2024-11-21 22:16:05 +00:00 · 2023-03-12 08:35:45 +01:00 · 2023-03-12 08:35:45 +01:00 · e49668005f
commit e49668005f
parent efa398edab
4 changed files with 61 additions and 26 deletions
--- a/docs/output.md
+++ b/docs/output.md
@ -35,14 +35,18 @@ The pipeline is built using [Nextflow](https://www.nextflow.io/) and processes d
 - [MultiQC](#multiqc) - Aggregate report describing results and QC from the whole pipeline
 - [Pipeline information](#pipeline-information) - Report metrics generated during the workflow execution

+![](images/taxprofiler_tube.png)
+
 ### FastQC or Falco

 <details markdown="1">
 <summary>Output files</summary>

- `fastqc/`
-  - `*_fastqc.html`: FastQC or Falco report containing quality metrics.
-  - `*_fastqc.zip`: Zip archive containing the FastQC report, tab-delimited data file and plot images (FastQC only).
+- `{fastqc,falco}/`
+  - {raw,preprocessed}
+    - `*html`: FastQC or Falco report containing quality metrics in HTML format.
+    - `*.txt`: FastQC or Falco report containing quality metrics in TXT format.
+    - `*.zip`: Zip archive containing the FastQC report, tab-delimited data file and plot images (FastQC only).

 </details>

@ -186,9 +190,12 @@ It is used with nf-core/taxprofiler to allow removal of 'host' (e.g. human) and/
 <summary>Output files</summary>

 - `bowtie2/`
-  - `<sample_id>.bam`: BAM file containing reads that aligned against the user-supplied reference genome as well as unmapped reads
-  - `<sample_id>.bowtie2.log`: log file about the mapped reads
-  - `<sample_id>.unmapped.fastq.gz`: the off-target reads from the mapping that is used in downstream steps.
+  - `build/`
+    - `*.bt2`: Bowtie2 indicies of reference genome, only if `--save_hostremoval_index` supplied.
+  - `align/`
+    - `<sample_id>.bam`: BAM file containing reads that aligned against the user-supplied reference genome as well as unmapped reads
+    - `<sample_id>.bowtie2.log`: log file about the mapped reads
+    - `<sample_id>.unmapped.fastq.gz`: the off-target reads from the mapping that is used in downstream steps.

 </details>

@ -210,7 +217,10 @@ It is used with nf-core/taxprofiler to allow removal of 'host' (e.g. human) or o
 <summary>Output files</summary>

 - `minimap2`
-  - `<sample_id>.bam`: Alignment file in BAM format containing both mapped and unmapped reads.
+  - `build/`
+    - `*.mmi2`: minimap2 indicies of reference genome, only if `--save_hostremoval_index` supplied.
+  - `align/`
+    - `<sample_id>.bam`: Alignment file in BAM format containing both mapped and unmapped reads.

 </details>

@ -243,13 +253,31 @@ This directory will be present and contain the unmapped reads from the `.fastq`
 <details markdown="1">
 <summary>Output files</summary>

- `samtoolsstats`
+- `samtools/stats`
  - `<sample_id>.stats`: File containing samtools stats output.

 </details>

 In most cases you do not need to check this file, as it is rendered in the MultiQC run report.

+### Run Merging
+
+nf-core/taxprofiler offers the option to merge FASTQ files of multiple sequencing runs or libraries that derive from the same sample, as specified in the input samplesheet.
+
+This is the last preprocessing step, so if you have multiple runs or libraries (and run merging turned on), this will represent the final reads that will go into classification/profiling steps.
+
+<details markdown="1">
+<summary>Output files</summary>
+
+- `run_merging/`
+  - `*.fastq.gz`: Concatenated FASTQ files on a per-sample basis
+
+</details>
+
+Note that you will only find samples that went through the run merging step in this directory.
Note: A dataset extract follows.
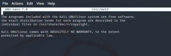 | 1 | sudo nano /etc/motd |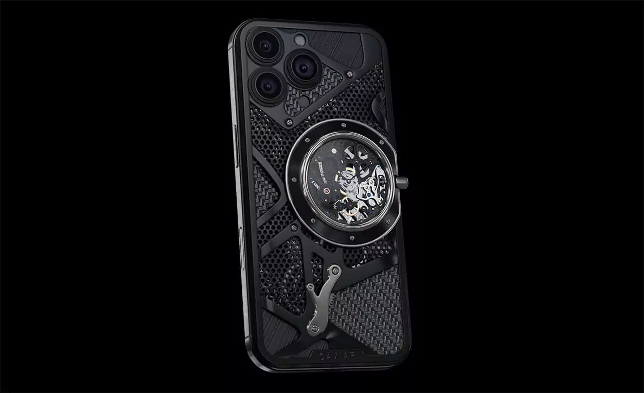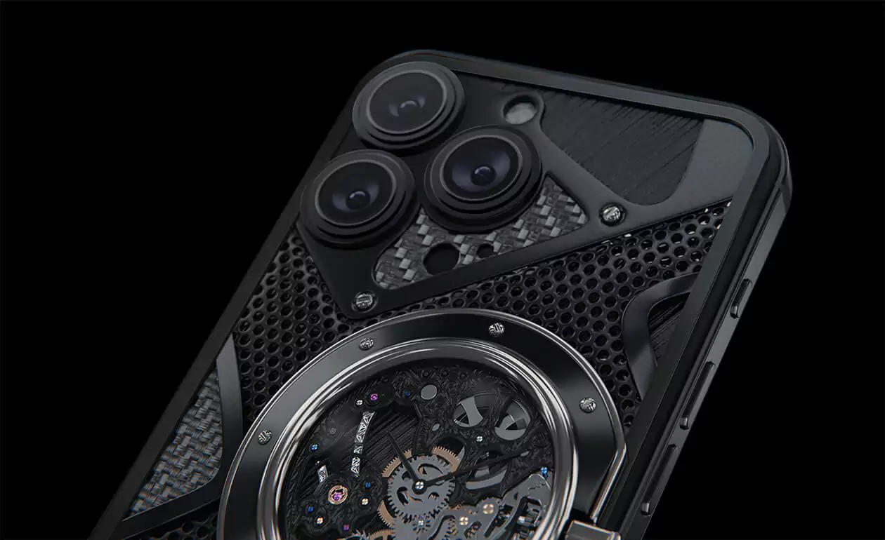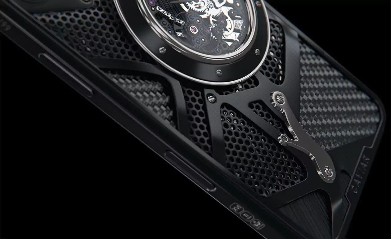 If you could create a skeletonized design of a high-speed car, it would look like the Booster. Black reinforced grilles, the cold glow of titanium fasteners, brutal reinforcing bolts, and skeleton watch movement embedded in the iPhone body - how pleasant it is to look at these details, how pleasant it is to hold this rare accessory in your hands.

For samples that had a single run or library will not go through this step of the pipeline and thus will not be present in this directory.
+
+⚠️ You must make sure to turn on the saving of the reads from the previous preprocessing step you may have turned on, if you have single-run or library reads in your pipeline run, and wish to save the final reads that go into classification/profiling!
+
 ### Bracken

 [Bracken](https://ccb.jhu.edu/software/bracken/) (Bayesian Reestimation of Abundance with Kraken) is a highly accurate statistical method that computes the abundance of species in DNA sequences from a metagenomics sample. Braken uses the taxonomy labels assigned by Kraken, a highly accurate metagenomics classification algorithm, to estimate the number of reads originating from each species present in a sample.
--- a/docs/usage.md
+++ b/docs/usage.md
@ -89,7 +89,9 @@ The pipeline takes the paths and specific classification/profiling parameters of

 > ⚠️ To allow user freedom, nf-core/taxprofiler does not check for mandatory or the validity of non-file database parameters for correct execution of the tool - excluding options offered via pipeline level parameters! Please validate your database parameters (cross-referencing [parameters](https://nf-co.re/taxprofiler/parameters, and the given tool documentation) before submitting the database sheet! For example, if you don't use the default read length - Bracken will require `-r <read_length>` in the `db_params` column.

-An example database sheet can look as follows, where 5 tools are being used, and `malt` and `kraken2` will be used against two databases each. This is because specifying `bracken` implies first running `kraken2` on the same database.
+An example database sheet can look as follows, where 7 tools are being used, and `malt` and `kraken2` will be used against two databases each.
+
+`kraken2` will be run twice even though only having a single 'dedicated' database because specifying `bracken` implies first running `kraken2` on the `bracken` database, as required by `bracken`.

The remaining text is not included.